Наглая Аглая
09.11.2022 00:00
Наглая Аглая– Не понимаю, зачем человеку в семьдесят пять лет зубные импланты? Это же как целую квартиру захорони… сунуть себе в рот.

Внучка, подперев кулаком розовую щёчку, вилкой в тарелке складывала из салата мозаику. Что такого, она лишь сказала то, что все думают. Лицемеры.
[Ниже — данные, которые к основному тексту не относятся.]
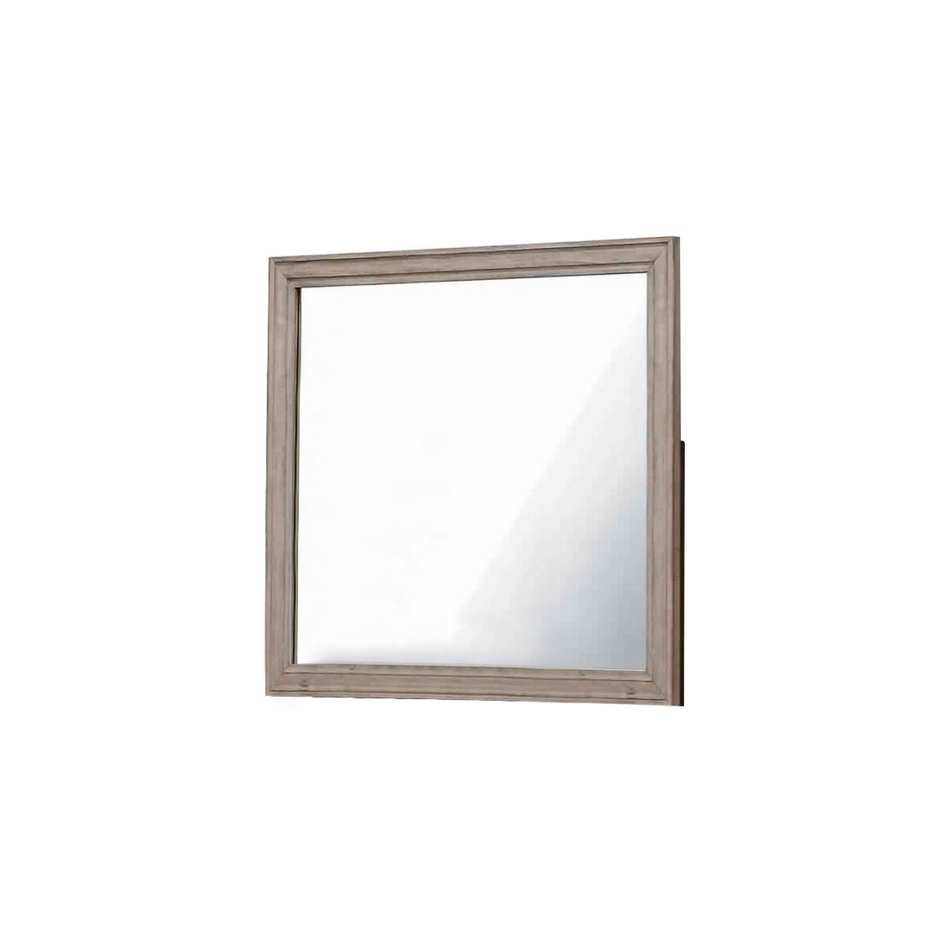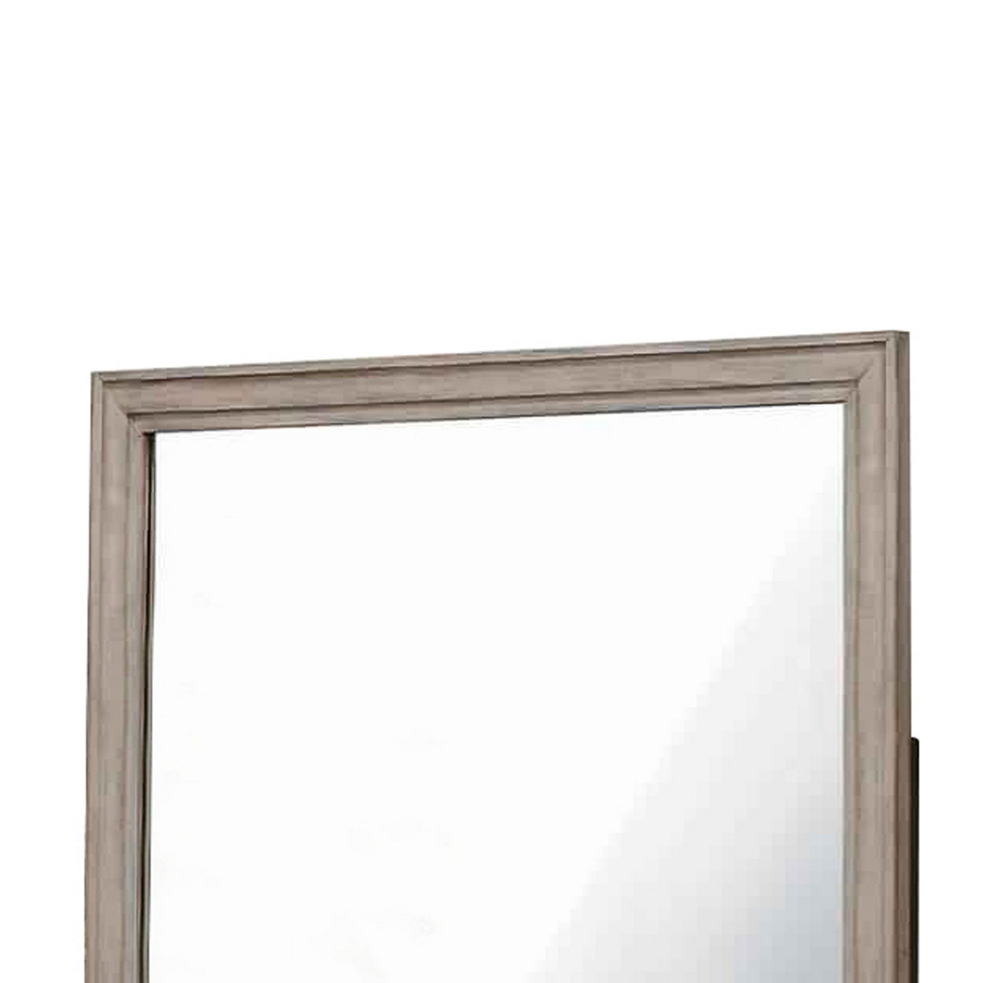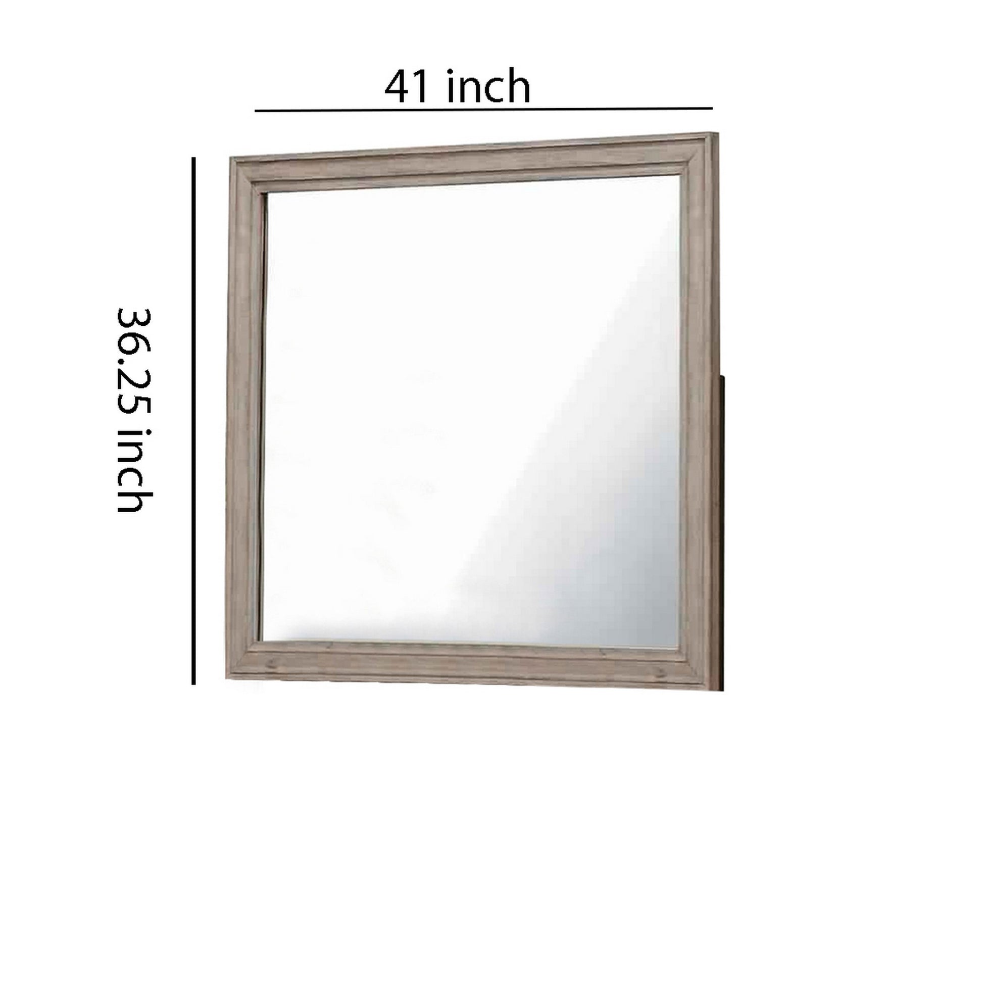 Glorify your home decor with the addition of this transitional style Mirror, constructed sturdily from solid wood, veneer and engineered wood in dark gray finish. It features a molded design frame in light oak brown finish that imparts an appealing character to it. The mounting hardware on the back offers effortless installation.

Только что юбиляршу Аглаю Петровну спросили, на что она потратит содержимое конвертов. «Добавлю пенсионные накопления – и на зубы», – поделилась та. Мелкое сухое личико у неё так и сияло.

Возникла неловкость. Гости примолкли, затем рассыпались в преувеличенных восторгах.

– Ешьте курочку, с пылу-жару, – заторопилась сноха.

На блюде крупная смуглая, бронзовая курица шипела и плевалась фонтанчиками жира. В душе сноха была согласна с дочерью. На восьмом десятке унести с собой в могилу полмиллиона… Выискалась Мила Кунис, понимаешь. А сами виноваты. Надо было дарить, как всем старушкам, сервиз, банный халат, постельное бельё – нужные в хозяйстве вещи. А тут – наглость какая…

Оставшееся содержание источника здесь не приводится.